È la direzione indicata dal *professor Claudio Gasperini, Vice Presidente SIN: “Conosciamo meglio i meccanismi della malattia e come funzionano i farmaci. Possiamo incrociare clinica, imaging e biomarcatori come i neurofilamenti per capire chi rischia di peggiorare e personalizzare la cura”.
Ma la gestione non è solo pillole o infusioni. “Per anni si sconsigliava lo sport ai malati.
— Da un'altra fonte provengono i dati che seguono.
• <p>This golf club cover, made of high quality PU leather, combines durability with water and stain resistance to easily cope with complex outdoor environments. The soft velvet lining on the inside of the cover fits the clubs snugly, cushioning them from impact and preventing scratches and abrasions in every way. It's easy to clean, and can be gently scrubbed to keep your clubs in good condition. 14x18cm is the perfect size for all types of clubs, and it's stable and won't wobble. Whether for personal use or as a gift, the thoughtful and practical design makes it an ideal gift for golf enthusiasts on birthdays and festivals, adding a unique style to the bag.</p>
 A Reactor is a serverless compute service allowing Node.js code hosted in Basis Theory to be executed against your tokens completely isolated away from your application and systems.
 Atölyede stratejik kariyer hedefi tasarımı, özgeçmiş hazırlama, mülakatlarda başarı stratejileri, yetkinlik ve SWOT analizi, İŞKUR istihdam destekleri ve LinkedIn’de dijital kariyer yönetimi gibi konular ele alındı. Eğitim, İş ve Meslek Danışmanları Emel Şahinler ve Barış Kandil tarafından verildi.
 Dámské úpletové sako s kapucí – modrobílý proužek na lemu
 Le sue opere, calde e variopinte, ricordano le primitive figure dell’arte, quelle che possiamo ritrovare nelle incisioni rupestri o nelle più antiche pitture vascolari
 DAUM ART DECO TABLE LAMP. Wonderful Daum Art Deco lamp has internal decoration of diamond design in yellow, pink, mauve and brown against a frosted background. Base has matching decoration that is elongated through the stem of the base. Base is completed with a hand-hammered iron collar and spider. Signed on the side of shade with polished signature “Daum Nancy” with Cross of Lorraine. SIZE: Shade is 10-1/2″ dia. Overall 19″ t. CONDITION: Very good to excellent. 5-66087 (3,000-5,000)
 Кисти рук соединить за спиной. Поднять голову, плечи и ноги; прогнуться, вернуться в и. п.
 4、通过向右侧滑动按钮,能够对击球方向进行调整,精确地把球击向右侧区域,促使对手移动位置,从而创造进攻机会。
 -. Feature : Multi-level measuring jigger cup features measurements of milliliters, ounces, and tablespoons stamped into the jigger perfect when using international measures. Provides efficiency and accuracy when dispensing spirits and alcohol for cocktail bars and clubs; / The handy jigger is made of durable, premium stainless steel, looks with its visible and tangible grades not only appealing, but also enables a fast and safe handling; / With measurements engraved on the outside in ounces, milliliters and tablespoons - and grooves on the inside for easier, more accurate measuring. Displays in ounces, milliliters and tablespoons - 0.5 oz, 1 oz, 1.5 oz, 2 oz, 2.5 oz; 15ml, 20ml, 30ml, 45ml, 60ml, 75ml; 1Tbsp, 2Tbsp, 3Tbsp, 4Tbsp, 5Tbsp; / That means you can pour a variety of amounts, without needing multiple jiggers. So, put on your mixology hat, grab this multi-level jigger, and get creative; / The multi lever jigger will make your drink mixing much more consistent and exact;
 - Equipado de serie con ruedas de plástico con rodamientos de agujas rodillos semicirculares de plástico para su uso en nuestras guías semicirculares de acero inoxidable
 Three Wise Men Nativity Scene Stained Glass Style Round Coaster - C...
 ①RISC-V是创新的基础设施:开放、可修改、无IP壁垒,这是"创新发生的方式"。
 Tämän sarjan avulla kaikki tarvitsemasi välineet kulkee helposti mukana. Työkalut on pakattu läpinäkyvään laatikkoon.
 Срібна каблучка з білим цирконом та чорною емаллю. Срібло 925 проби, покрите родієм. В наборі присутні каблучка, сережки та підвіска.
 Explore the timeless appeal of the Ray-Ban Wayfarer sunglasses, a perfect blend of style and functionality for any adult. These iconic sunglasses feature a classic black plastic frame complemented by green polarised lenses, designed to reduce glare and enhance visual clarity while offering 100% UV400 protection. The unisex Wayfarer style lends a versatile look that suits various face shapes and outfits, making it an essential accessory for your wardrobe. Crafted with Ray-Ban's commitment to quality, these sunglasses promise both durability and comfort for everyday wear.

Oggi sappiamo che l’esercizio fisico stimola la neuroplasticità: il cervello crea nuove connessioni e compensa il danno”, spiega Gasperini. L’attività fisica non spegne l’infiammazione, ma rende il sistema nervoso più resistente. Cadono anche altri tabù: “Si diceva di evitare il sole. In realtà livelli adeguati di vitamina D sono protettivi nella SM”.
Il messaggio ai pazienti è chiaro. “Be active”, dice De Stefano. “La malattia può durare tutta la vita, ma non deve definirti. Oggi si lavora, si fa sport, si diventa genitori”.
Per il presidente SIN, professor Mario Zappia la sfida ora è di sistema: “La neurologia ha strumenti impensabili fino a ieri. Dobbiamo rendere l’innovazione accessibile a tutti, in modo omogeneo sul territorio. La SM dimostra quanto la ricerca cambi il destino delle persone. Servono investimenti in ricerca clinica, reti specialistiche e presa in carico multidisciplinare. L’innovazione utile è quella che diventa qualità di vita reale, con equità ed efficienza per il SSN”.
Cosa cambia per il paziente, in breve:

  1. Diagnosi in 30 giorni con RM avanzata + biomarcatori.
  2. Terapie ad alta efficacia subito nei pazienti a rischio: crollano ricadute e nuove lesioni.
  3. Approccio personalizzato: farmaci scelti su profilo clinico e biologico.
  4. Stile di vita conta: sport, vitamina D e attività cognitive potenziano la neuroplasticità.
  5. Obiettivo: autonomia e progettualità, non solo “controllo delle ricadute”.